- _WHAT YOU WILL DO_
Starting at the line that contains "In unseren Kursen", write out each line exactly through the last one in the material below, and nothing more; omit all pictures.
Start of INPUT MATERIAL
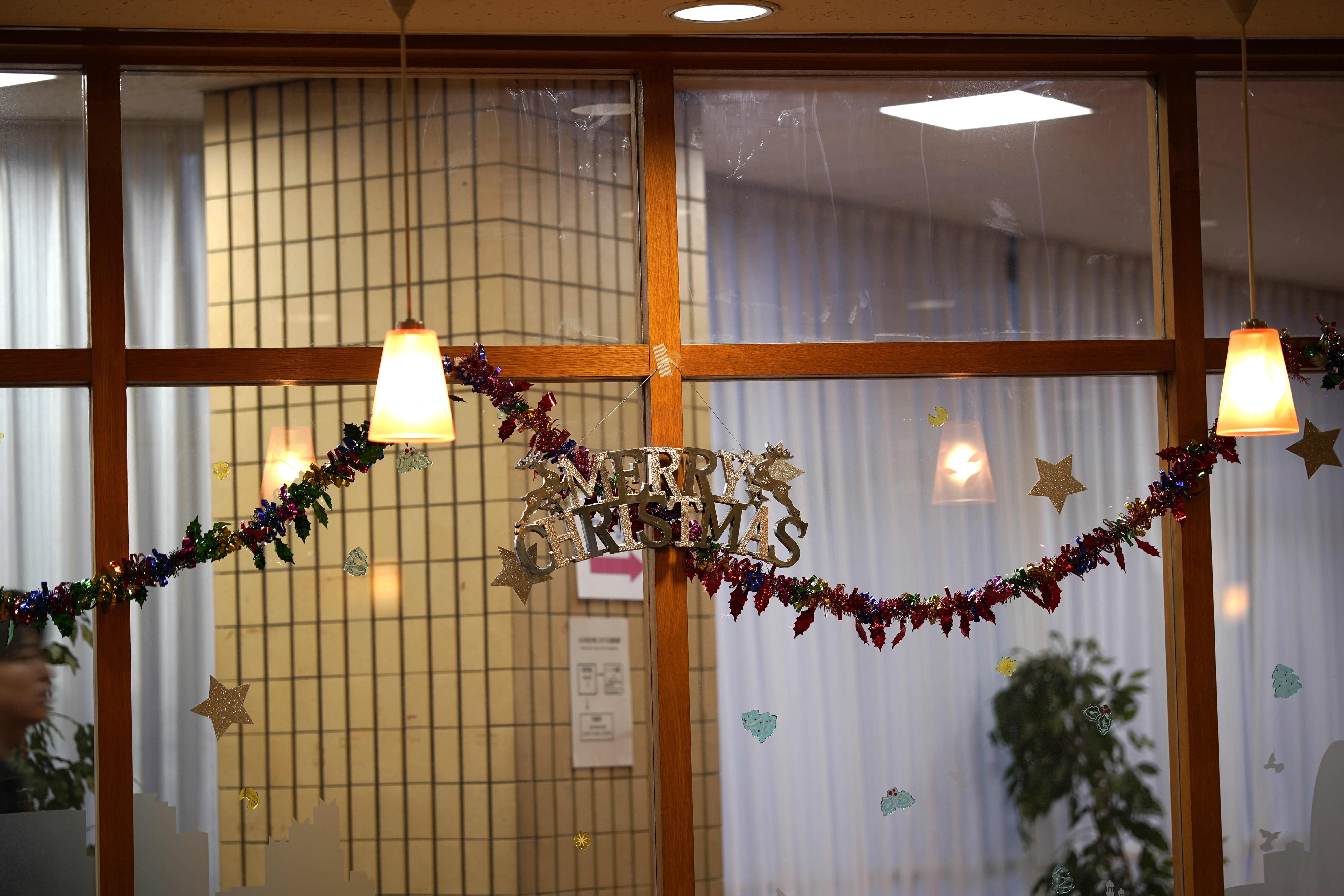 今年はクリスマスにちなんだアイテムの着用がドレスコードになっており、クリスマスカラーの服やトナカイのカチューシャなどを身につけた参加者40名余が集まりました。今回も去年同様イベント係の学生が主体となり、ゲームの企画・準備や当日の進行を担当してくれました。
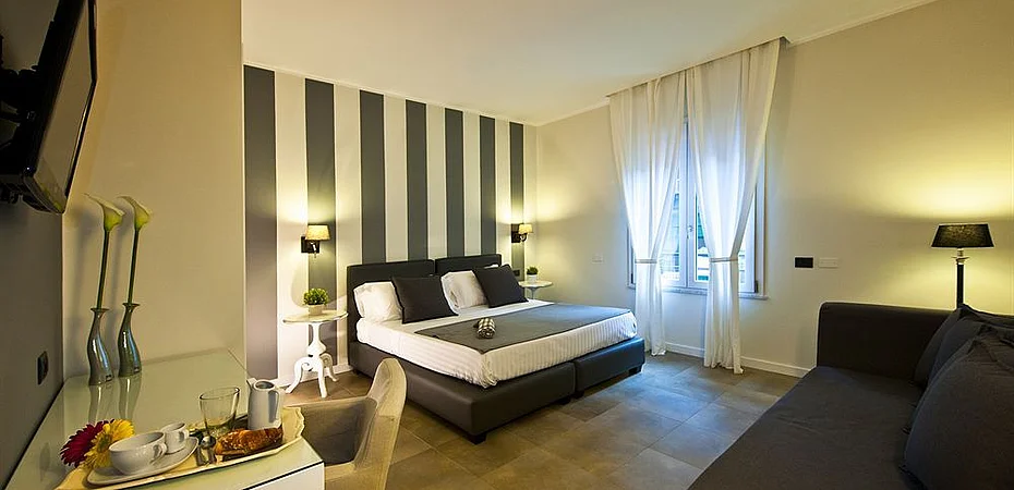 Ubicación del establecimiento Delle Vittorie Luxury Suites & Rooms está en pleno corazón de Castellammare, a pocos pasos de Teatro Biondo Stabile y Iglesia de San Domenico. Este bed and breakfast se encuentra cerca de Quattro Canti y de Museo del Risorgimento Vittorio Emanuele Orlando.Habitaciones Te sentirás como en tu propia casa en una de las 6 habitaciones con aire acondicionado, frigorífico y microondas. Las camas cuentan con colchones viscoelásticos, edredón de plumas y sábanas de algodón egipcio para descansar plácidamente. Con televisor LED de 32 pulgadas y conexión a Internet wifi gratis, tienes para elegir a la hora de entretenerte. El cuarto de baño está provisto de cabezal de ducha tipo lluvia y artículos de higiene personal de diseño.Servicios Aprovecha las instalaciones recreativas, que incluyen sauna y bicicletas de alquiler. Encontrarás también conexión a Internet wifi gratis, servicio de peluquería y servicio de celebración de bodas. Si quieres pasar un día en un parque temático, utiliza el servicio de transporte (de pago) disponible.Para comer Prueba deliciosos platos sin moverte de este bed and breakfast, que cuenta con un restaurante y ofrece servicio de habitaciones con horario limitado. Disfruta de un detalle de bienvenida gratuito organizado por la recepción todos los días, donde podrás conocer a otros huéspedes mientras tomas un bocado.Servicios de negocios y otros Tendrás conexión a Internet de alta velocidad por cable (gratuita), una zona de ordenadores y check-out rápido a tu disposición. Pagando un pequeño suplemento podrás aprovechar prestaciones como servicio de transporte al aeropuerto (ida y vuelta) (disponible las 24 horas) y servicio de transporte al punto de embarque de cruceros.
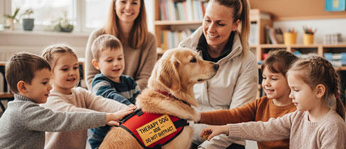 In unseren Kursen für Schulen und Kindergärten vermitteln wir Kindern einen sicheren, respektvollen Umgang mit Hunden.
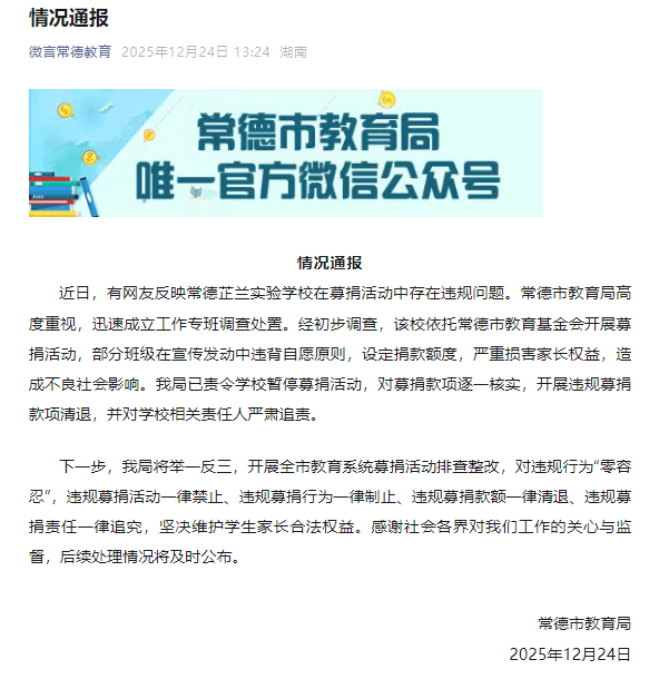 近日,有网友反映常德芷兰实验学校在募捐活动中存在违规问题。常德市教育局高度重视,迅速成立工作专班调查处置。经初步调查,该校依托常德市教育基金会开展募捐活动,部分班级在宣传发动中违背自愿原则,设定捐款额度,严重损害家长权益,造成不良社会影响。我局已责令学校暂停募捐活动,对募捐款项逐一核实,开展违规募捐款项清退,并对学校相关责任人严肃追责。
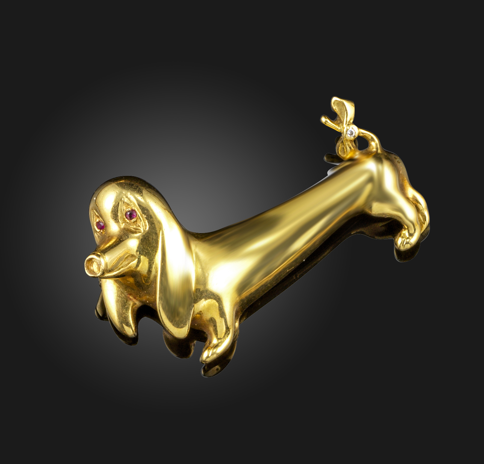 A gold Dachshund brooch, the stylised dog with ruby eyes and a diamond-set tail in yellow gold, 4.5cm wide
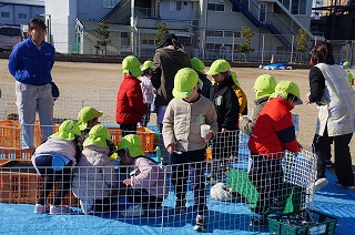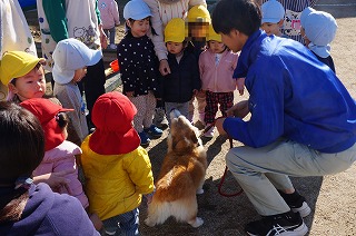 年が明けた6日(火)に年長組のおたのしみ会を行いました。今年は、プチZOOさんに来ていただき動物と関わる中で、命の大切さを学んでもらいたいと企画しました。
End of INPUT MATERIAL
- _RESULT FOR THIS EXERCISE_
 In unseren Kursen für Schulen und Kindergärten vermitteln wir Kindern einen sicheren, respektvollen Umgang mit Hunden.
 近日,有网友反映常德芷兰实验学校在募捐活动中存在违规问题。常德市教育局高度重视,迅速成立工作专班调查处置。经初步调查,该校依托常德市教育基金会开展募捐活动,部分班级在宣传发动中违背自愿原则,设定捐款额度,严重损害家长权益,造成不良社会影响。我局已责令学校暂停募捐活动,对募捐款项逐一核实,开展违规募捐款项清退,并对学校相关责任人严肃追责。
 A gold Dachshund brooch, the stylised dog with ruby eyes and a diamond-set tail in yellow gold, 4.5cm wide
 年が明けた6日(火)に年長組のおたのしみ会を行いました。今年は、プチZOOさんに来ていただき動物と関わる中で、命の大切さを学んでもらいたいと企画しました。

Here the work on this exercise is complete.